Obviously, the maestra doesn’t fear competition.

“If only that were the breakthrough at hand,” she comments wistfully. “Tele-dittoing would open up major business opportunities for me, globally. Alas, that’s not the innovation we’re talking about. Or not the most worrisome one. Do try again.”

Damn, what a bitch. Riddles are just the sort of delicious torment Gineen Wammaker specializes in. Even knowing this, I’m tempted to keep showing off.

But first there’s a matter of professional ethics to settle.

“Look, I really think I ought to inform you that—”

“Lifespan,” says Vic Collins.

“I beg your pardon?”

“What if a ditto body” — he gestures at his own — “could be made to last more than a day? Possibly much more.”

Pause. Ponder it. This possibility hadn’t occurred to me.

I choose words carefully. “The … whole basis of kilning — the reason it’s practical — is that a golembody carries all of its own energy, right from the start.”
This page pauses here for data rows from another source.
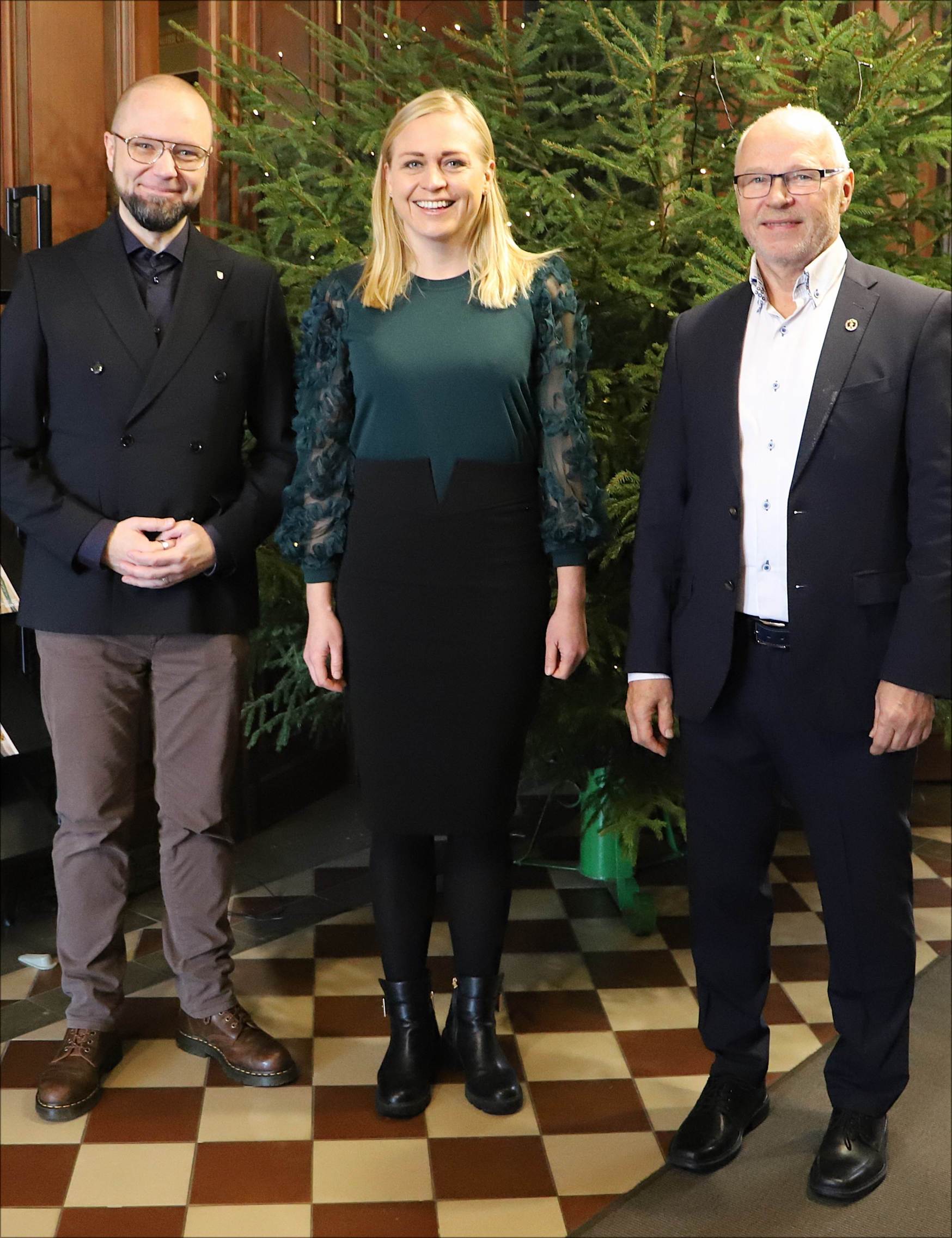 Kuvassa vasemmalta kaupunginjohtaja Olli-Poika Parviainen, ulkoministeri Elina Valtonen ja puheenjohtaja Heikki Lindroth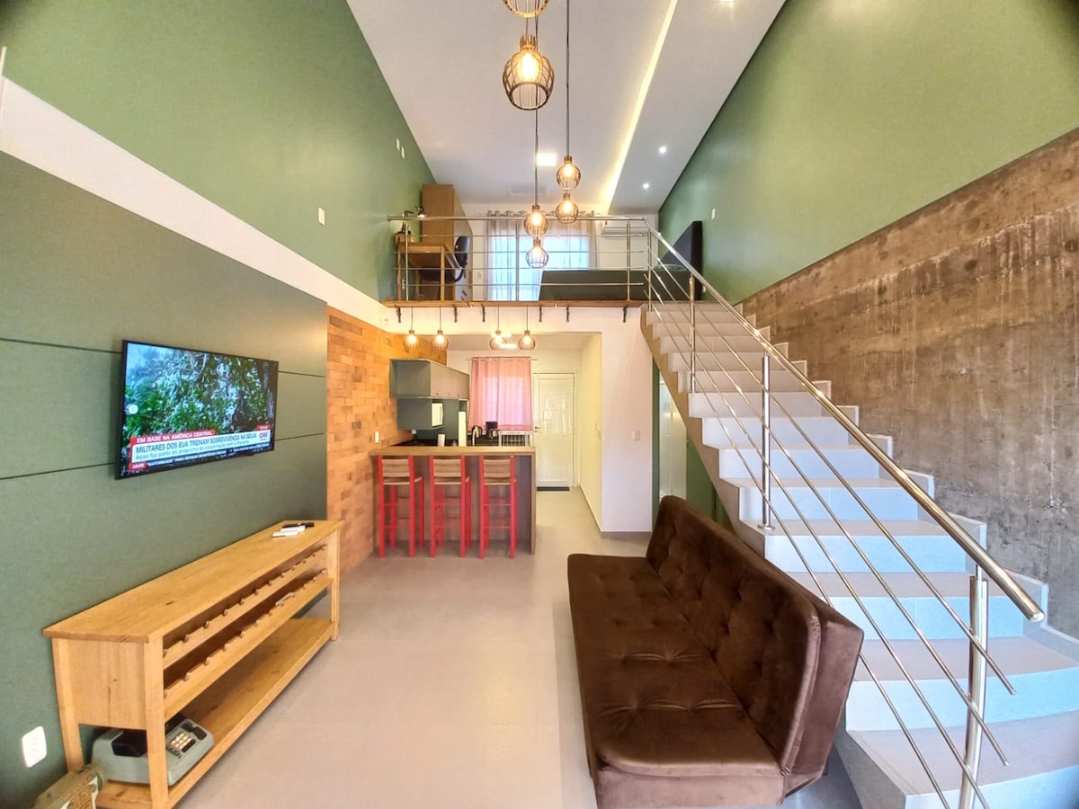 A Casa Toscana é um loft único com estilo próprio. Ambientes integrados, que permite muita interação! Proporciona aconchego e comodidade, com muita luz natural e ventilação cruzada, além de ar cond. split/ 18.000 BUT´s (quente e frio). Smart tv de 43´, internet rápida/ 420 megas. Cozinha completa, para quem gosta de preparar boa comida, inclusive massas e pizzas! Cama queen. Home office; escrivaninha, cadeira e luminária, para o trabalho ou uma boa leitura! Água quente nas torneiras internas.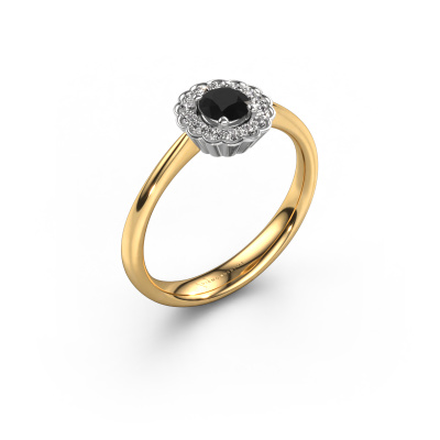 The ring shown above is called the Debi. We call this type of ring a halo ring because it has one centre gemstone and a band that is also pave set with gemstones. The 14 Carat gold engagement ring is set with a round 0.36 crt black diamond centre stone and the band is pave set with diamonds. What makes this classic gold halo ring special are the smaller sized stones embracing the centre stone. This gorgeous engagement ring is called a halo ring because the smaller gemstones give the centre stone a halo of surrounding light. In order for the smaller stones to enhance the centre stone, they have to be placed so there is no interference of light. And that's when our expert goldsmiths come in. Each individual stone is carefully set in the ring by hand. During manufacturing, light fall is constantly monitored to make sure the special halo is still visible. In the end you get a unique engagement ring, with a black diamond of your choosing at its centre. You can imagine the effect of a ring of such significance when you give it to her on her special day to shine. Because we design and deliver our own rings, we can offer you a engagement ring at a price you won't find anywhere else. A ring is made to order, which helps prevent excess supplies, so we can make you a great price offer. We understand it feels risky, buying your engagement ring online, but we will gladly assist in the designing process, taking your budget into consideration.Our team adds new designs to our online collection daily. Our designers and goldsmiths work together in creating the best design. We strive to offer a diverse collection of jewels. Perhaps you have a specific jewel design in mind. One you came across somewhere. Please contact us for a free consultation. We will make you an offer, based on a fair price/ quality ratio, that will baffle you.To make it easier for you, we offer a 30 day return policy. Check our terms and conditions.

“Stored as super molecules in a clay-colloidal substrate. Yes, go on.”

“So there’s no need to imitate the complexity of real life. Ingestion, digestion, circulation, metabolism, waste removal, and all that. Science is centuries away from duplicating what evolution took a billion years to create — the subtle repair systems, the redundancy and durability of genuine organic …”

“Nothing like that is required for longer duration,” answers Collins. “Just a way to recharge the supermolecules in each pseudocell, restoring enough energy for another day … then another, and so on.”

Reluctantly, I nod. Clara said that military dittos come packed with fuel implants, letting a few versions last several days. But that’s still living off storage. Recharging would be quite another matter. A breakthrough, all right.

“How many times … how long can a ditto … ?”

“Be renewed? Well, it depends on wear and tear. As you say, even high-priced blanks have little self-repair capability. Entropy grinds down the unwary. But the chief short-term problem — how to keep a roxbody going one more day at a time — may be solved.”

“A dubious solution,” mutters the umber-colored Queen Irene. “Long-lasting dittos could diverge from their human prototype, making it harder to inload memories. Goals may wander. They might even start caring more about their own survival than how to serve the continuity being that created them.”

I blink, confused by her terminology. Continuity being?

Glancing left, I see her identical sisdit, who remains jacked into a remote terminal, staring at a flatvid screen. Portrayed there, I glimpse over a dozen interchangeable workers, all the same unique crimson shade, swarming around a huge, pale figure, like worker bees jostling around -

Ah. I get it. Queen Irene. Pallie told me about this, taking dittoing to its next logical stage. Still, witnessing it makes me shudder.

“There could be other repercussions,” Vic Collins adds. “The whole social contract may be upended, if our suspicions are correct.”

“That’s what we want you to investigate, Mr. Morris,” Gineen Wammaker concludes.

“Are you proposing industrial espionage?” I ask warily.

“No.” She shakes her head. “We don’t seek to steal any technologies, only to verify their existence. That much is perfectly legal. With confirmation, we can then sue Universal Kilns under one of the transparency laws. For hoarding, if nothing else.”

I stare at her. This is preposterous, on about a dozen levels.

“You honor me with your trust, Maestra. But as I told you, tech-sleuthing is just a sideline for me. There are real experts.”